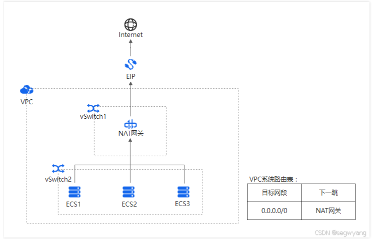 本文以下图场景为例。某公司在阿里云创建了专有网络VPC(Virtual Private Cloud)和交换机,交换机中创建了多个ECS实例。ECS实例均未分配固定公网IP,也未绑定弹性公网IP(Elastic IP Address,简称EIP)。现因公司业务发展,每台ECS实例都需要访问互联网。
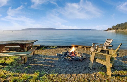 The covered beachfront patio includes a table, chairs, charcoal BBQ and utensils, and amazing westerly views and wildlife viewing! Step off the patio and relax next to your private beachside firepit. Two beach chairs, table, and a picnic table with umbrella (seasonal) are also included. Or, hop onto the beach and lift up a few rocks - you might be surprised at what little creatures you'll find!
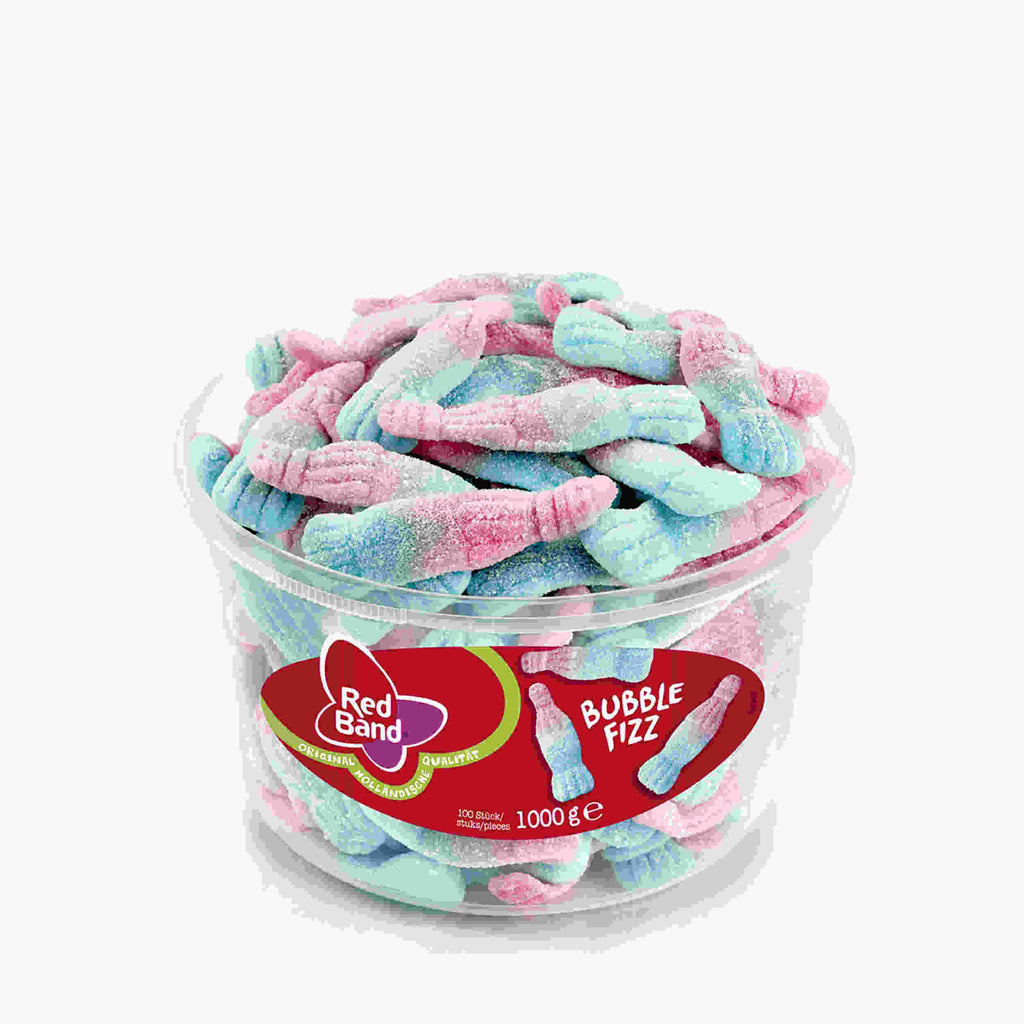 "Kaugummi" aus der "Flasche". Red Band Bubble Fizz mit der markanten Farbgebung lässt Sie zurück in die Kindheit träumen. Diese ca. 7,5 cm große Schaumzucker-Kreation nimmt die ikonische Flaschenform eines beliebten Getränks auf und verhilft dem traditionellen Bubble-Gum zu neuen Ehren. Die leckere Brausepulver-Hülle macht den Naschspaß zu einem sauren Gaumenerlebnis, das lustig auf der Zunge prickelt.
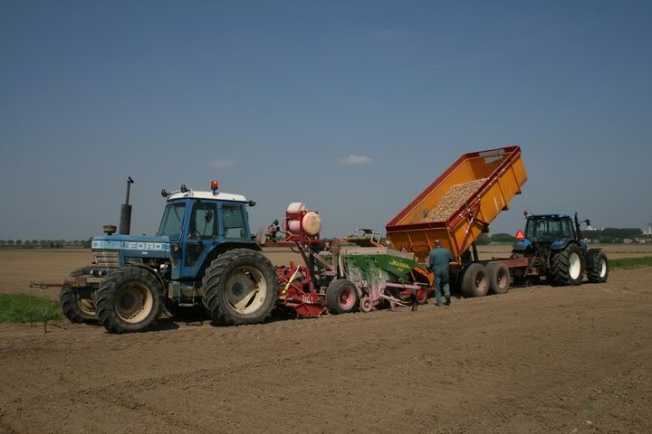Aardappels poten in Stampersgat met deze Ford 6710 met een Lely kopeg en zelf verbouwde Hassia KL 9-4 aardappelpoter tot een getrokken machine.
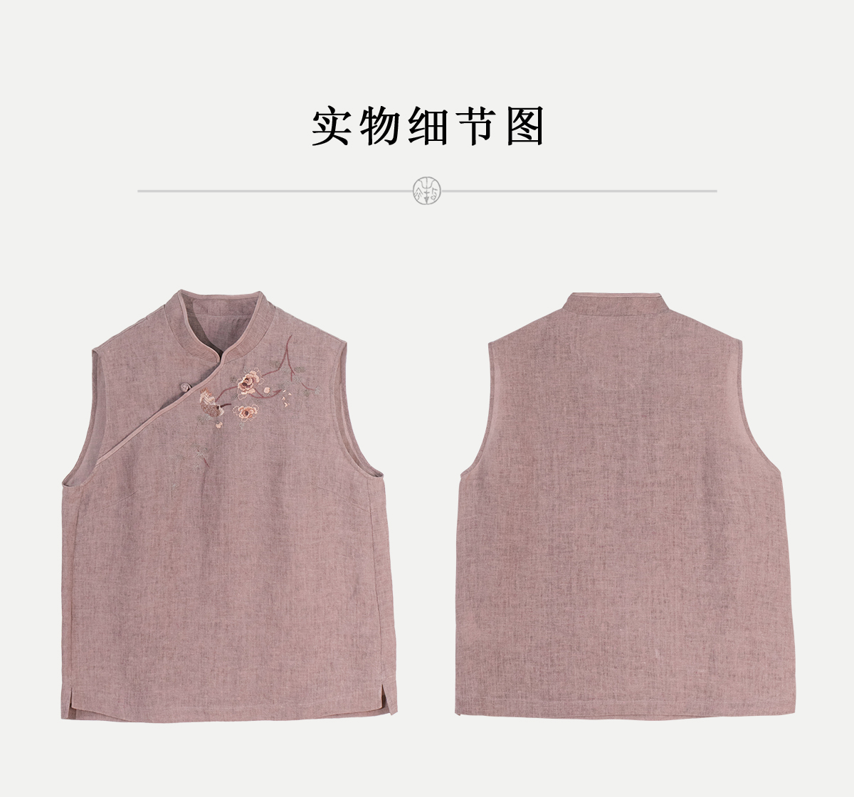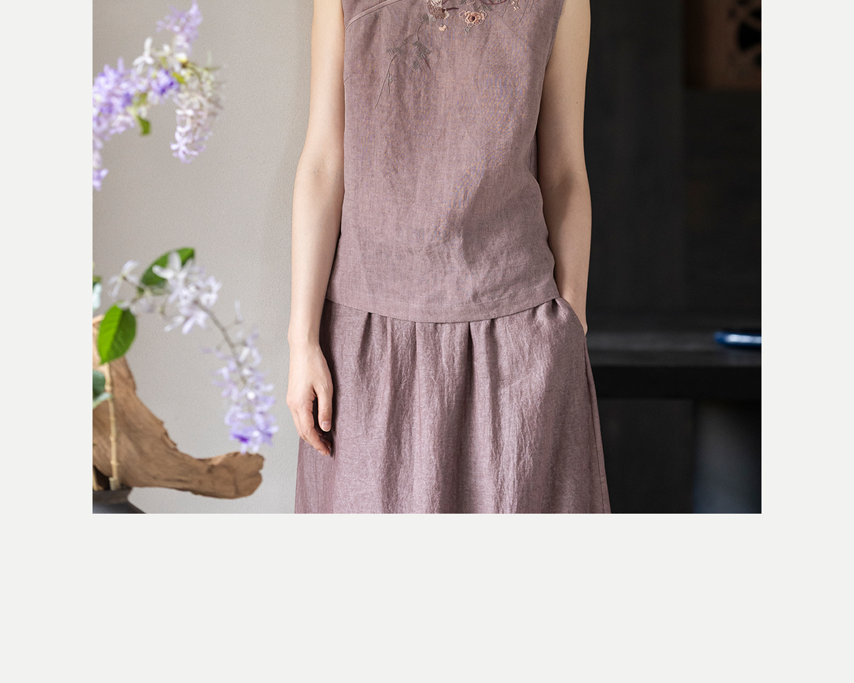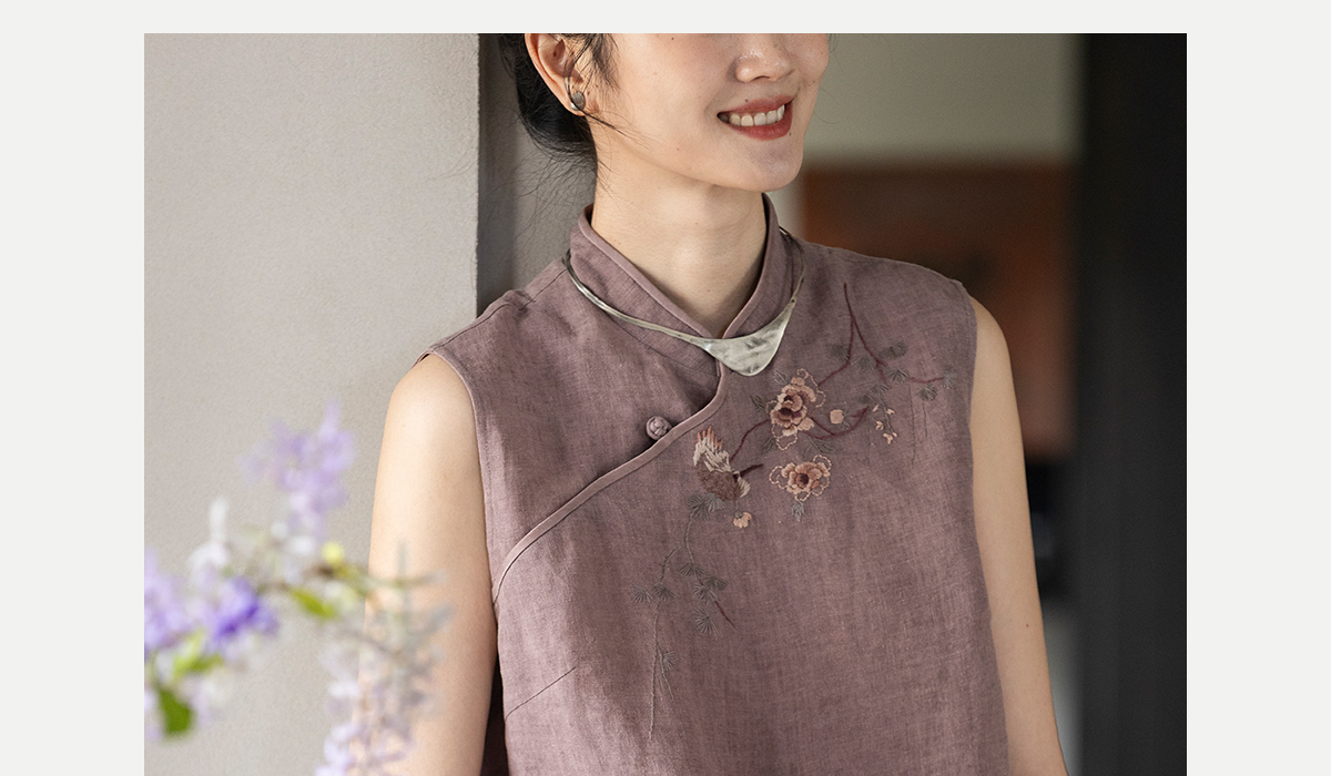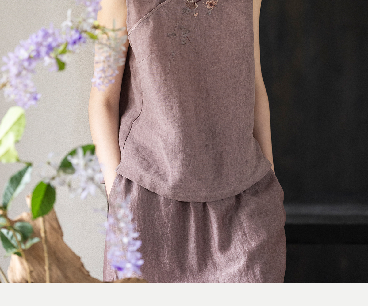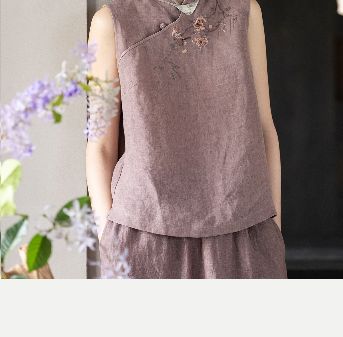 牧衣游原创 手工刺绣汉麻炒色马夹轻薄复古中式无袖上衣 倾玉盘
---
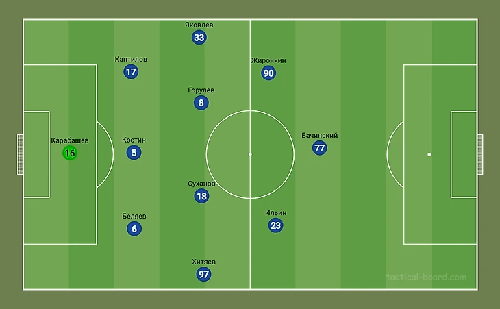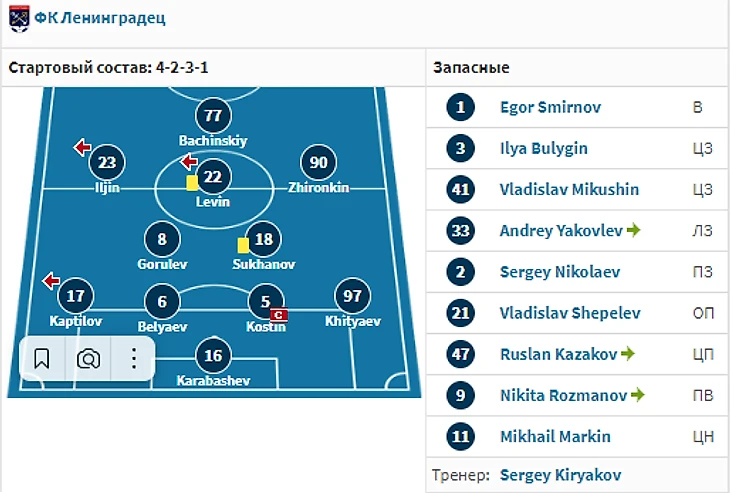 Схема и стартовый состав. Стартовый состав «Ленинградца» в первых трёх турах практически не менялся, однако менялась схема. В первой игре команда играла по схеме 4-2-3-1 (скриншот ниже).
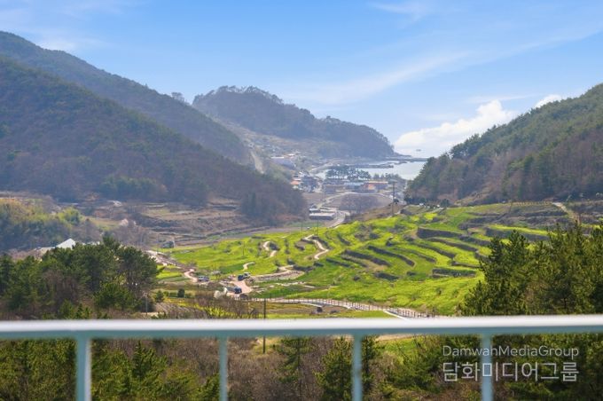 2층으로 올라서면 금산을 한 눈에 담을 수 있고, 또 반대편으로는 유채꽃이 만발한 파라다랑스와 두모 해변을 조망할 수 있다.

▶ ACTIVITY: Reproduce the listing above from the line that holds "Схема и стартовый" through the line that holds "2층으로 올라서면 금산을", both included, with the pictures left out.

▶ WRITTEN REPLY:
 Схема и стартовый состав. Стартовый состав «Ленинградца» в первых трёх турах практически не менялся, однако менялась схема. В первой игре команда играла по схеме 4-2-3-1 (скриншот ниже).
 2층으로 올라서면 금산을 한 눈에 담을 수 있고, 또 반대편으로는 유채꽃이 만발한 파라다랑스와 두모 해변을 조망할 수 있다.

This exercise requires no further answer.